You have a ClickHouse purchases table with 200 million transactions. Your product catalog lives in a CSV file with 15,000 products (product_id, product_name, category, margin_percent). You want to calculate total profit by category.

Upload the CSV to Sourcetable. Then ask: 'Calculate total profit by product category using the margin_percent from my product catalog.' Sourcetable generates:

SELECT
      pc.category,
      sum(p.revenue * pc.margin_percent / 100) AS total_profit
    FROM clickhouse.purchases p
    JOIN local.product_catalog pc ON p.product_id = pc.product_id
    GROUP BY pc.category
    ORDER BY total_profit DESC

The query joins 200 million ClickHouse rows with the 15,000-row CSV in memory. Execution time: 2.8 seconds. Results appear in the spreadsheet with category and total_profit columns.

Performance Comparison: ClickHouse vs Postgres in Sourcetable

ClickHouse is designed for analytical queries. Postgres is designed for transactional workloads. When you query both through Sourcetable, the performance difference is dramatic for large datasets.

Query Type Dataset Size Postgres Time ClickHouse Time Speedup
COUNT DISTINCT users 100M rows 42.3 seconds 1.8 seconds 23.5x
GROUP BY date, country 500M rows 118 seconds 2.4 seconds 49.2x
SUM revenue by category 200M rows 67 seconds 1.6 seconds 41.9x
Percentile calculation 1B rows Timeout (>300s) 4.2 seconds 71.4x+

These benchmarks were run on a ClickHouse Cloud cluster (8 cores, 32GB RAM) and a Postgres instance (4 cores, 16GB RAM). ClickHouse's columnar storage and vectorized query execution deliver 20-70x faster results for analytical queries. Sourcetable routes computation directly to ClickHouse and brings back only the results — you never wait for data to transfer.

When to Use ClickHouse vs Postgres in Your Data Stack

Sourcetable supports both ClickHouse and Postgres as first-class citizens. Use ClickHouse for analytical queries over large datasets. Use Postgres for transactional data, relational integrity, and smaller tables that change frequently.

Use ClickHouse When:

  • Dataset exceeds 50 million rows
  • Queries are primarily aggregations (GROUP BY, COUNT, SUM, AVG)
  • You need sub-second response times on billion-row tables
  • Data is append-only or updated in batches (event logs, time-series, analytics)
  • You're running OLAP workloads (business intelligence, reporting, dashboards)

Use Postgres When:

  • Dataset is under 50 million rows
  • Queries involve frequent updates, deletes, or complex transactions
  • You need strict ACID guarantees and foreign key constraints
  • Data changes frequently (user profiles, order management, inventory)
  • You're running OLTP workloads (application backends, transactional systems)

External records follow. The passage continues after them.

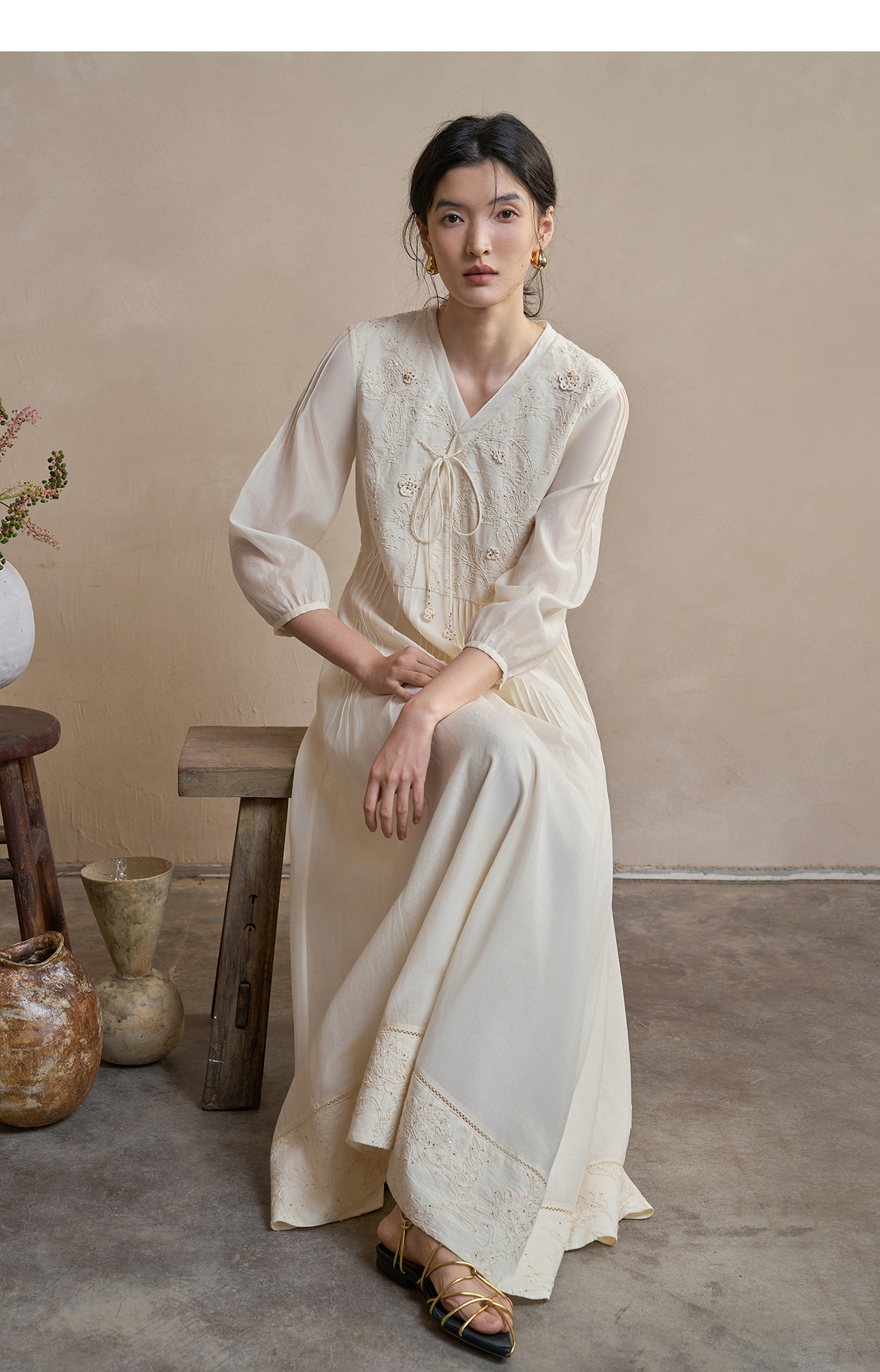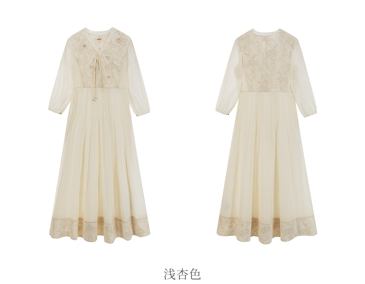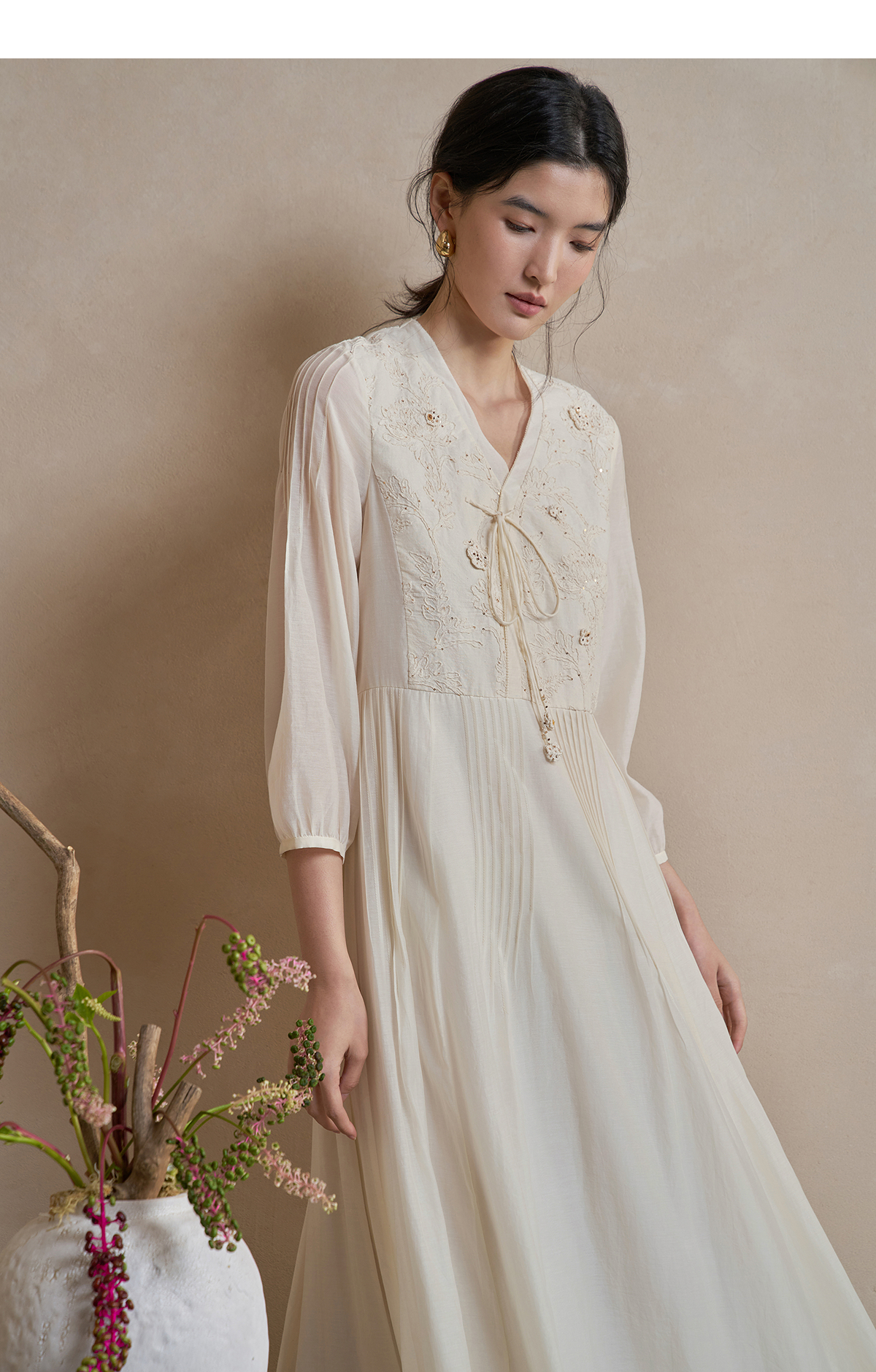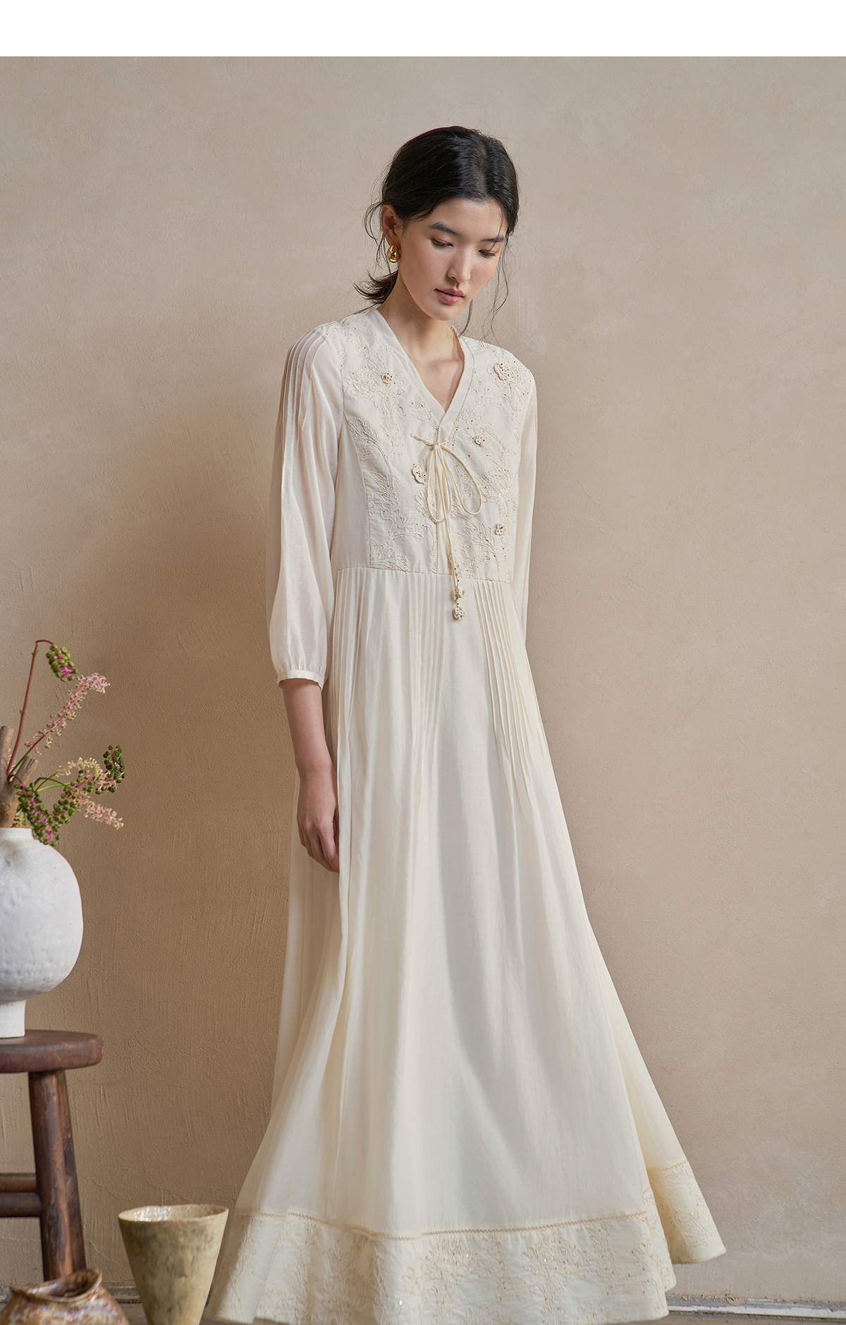 【林栖设计小店】手工钩花|丝棉绡牙签褶肌理垂感2026春新款国风连衣裙1961128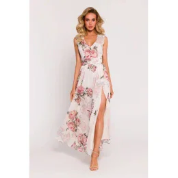 Dámské šifonové šaty model 21105543 model 2 Ecru s květy - Moe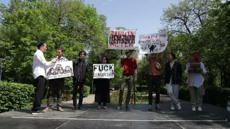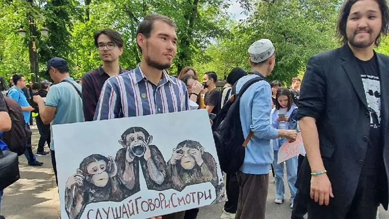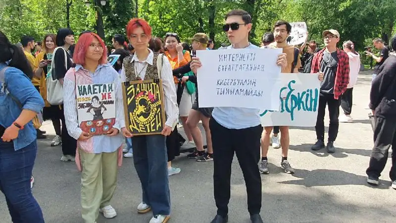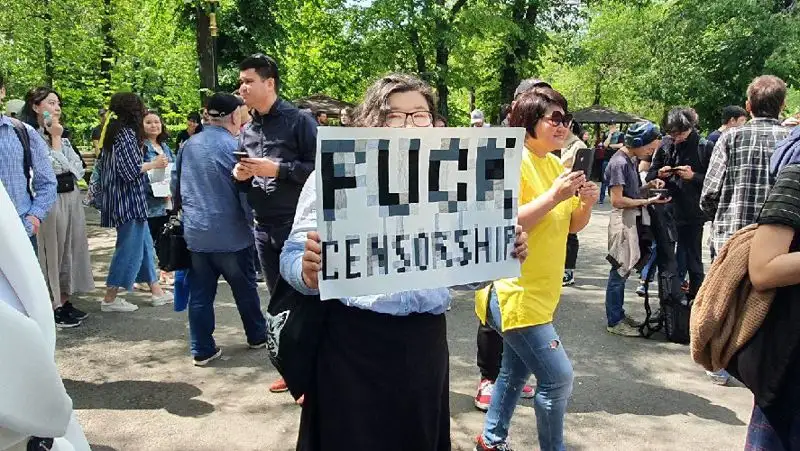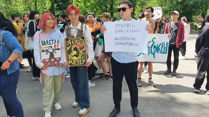 В Алматы прошел санкционированный митинг против блокировок социальных сетей и принятия поправок по регулированию контента в соцсетях.

In practice, most data stacks use both. Postgres stores transactional data. ClickHouse stores analytical data. Sourcetable lets you query both in the same spreadsheet and join them in a single query.

Real-World Use Case: E-Commerce Analytics with ClickHouse

An e-commerce company migrated 1.2 billion product view events from Postgres to ClickHouse. Their analytics team needed to calculate daily conversion rates by traffic source, device type, and product category. In Postgres, this query took 4 minutes and 18 seconds. The database locked up during peak traffic hours.

After migrating to ClickHouse and connecting it to Sourcetable, the same query completed in 2.9 seconds. The analytics team could ask questions in natural language:

  • 'Show me conversion rate by traffic source for mobile users in the last 7 days'
  • 'Calculate average time to purchase by product category'
  • 'Find the top 20 products by view-to-purchase ratio'

Sourcetable translated each question into optimized ClickHouse SQL and returned results in under 5 seconds. The team went from waiting minutes for query results to exploring data interactively. Time saved per analysis: 3.5 hours → 8 minutes.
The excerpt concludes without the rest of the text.